The ridiculousness of this argument is apparent, Farley notes, and only possible if Prof. Gates fails to identify with those black who actually suffered the injustices which Obama’s inauguration is alleged to have defied. Prof. Gates is among Marxist historian W.E.B. Du Bois’s “talented tenth”, an upper crust of blacks who would provide an example and goal for the remaining nine tenths and would lead them to a true Emancipation from slavery. Those, like Prof. Gates and President Obama, in the “talented tenth” have only two options with respect to the remaining nine tenths when considering the failure of Emancipation in the proliferation of the criminal justice system and the reigning property regime. They may either move to abolish the criminal justice system or merely distinguish themselves from the remaining nine tenths and attempt to avoid their own enslavement. It is the fact that the “talented tenth” so often settle for distinguishing themselves which constitutes the failure of the “talented tenth” idea, a failure which Du Bois himself acknowledged in the final ten years of his career.
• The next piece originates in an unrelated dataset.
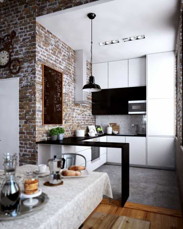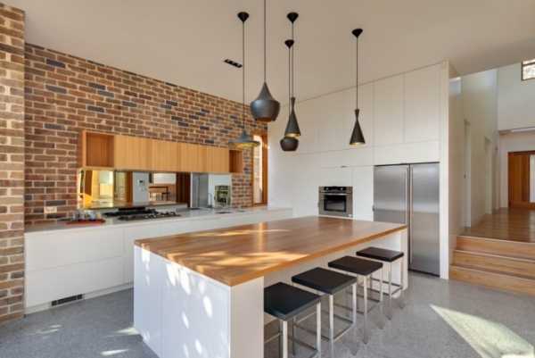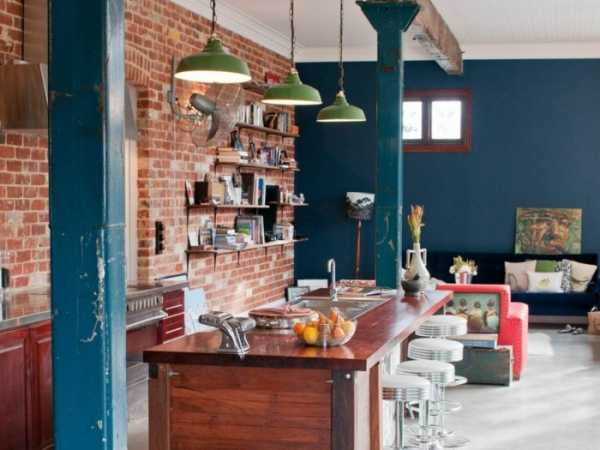 На фоне белого кирпича хорошо смотрится гарнитур из светлого дерева с яркими деталями или модели с насыщенными гаммами.На фоне красного — спокойные, холодные оттенки, которые в таком сочетании придадут помещению немного уюта.

This failure is evident in both Prof. Gates’ arrest and in Obama’s speeches to the remaining nine tenths. In the first case, we see Prof. Gates’ being mistaken for one of the other nine tenths. Thus, social parity with whites is not achieved even through their efforts to distinguish themselves. It has become not merely “driving while black” but “being while black” which draws the suspicion of society. President Obama’s speeches to the remaining nine tenths (which Prof. Farley described as “moving on up” speeches) encouraging blacks to rise out of the ghetto and join the “talented tenth” mark another side of the failure. The problem with this sentiment, Prof. Farley noted, is that it does not address the fact that we have ghettos in the first place. In both cases we see the failure of emancipation and the continued enslavement of blacks.
The solution, Prof. Farley argued, is not merely a rejection of slavery, but a rejection of the property regime which made slavery possible and which exists to this day. This, in turn, would require us to reconstitute our economic relations and to abandon our fear of crime and insodoing abolish prisons. This abandonment of fear is the lesson of Lincoln’s presidency that Prof. Farley laments President Obama and the “talented tenth” has failed to recognize.
Edited by Marisa Floriani
 Dred Scott v. Sanford, 60 U.S. (19 How.) 393 (1857).
 Ex parte Merryman, 17 F. Cas. 144 (1861).
 Though the case was heard in the Federal District Court of Maryland, Chief Justice Taney sat for the case and authored the opinion in it.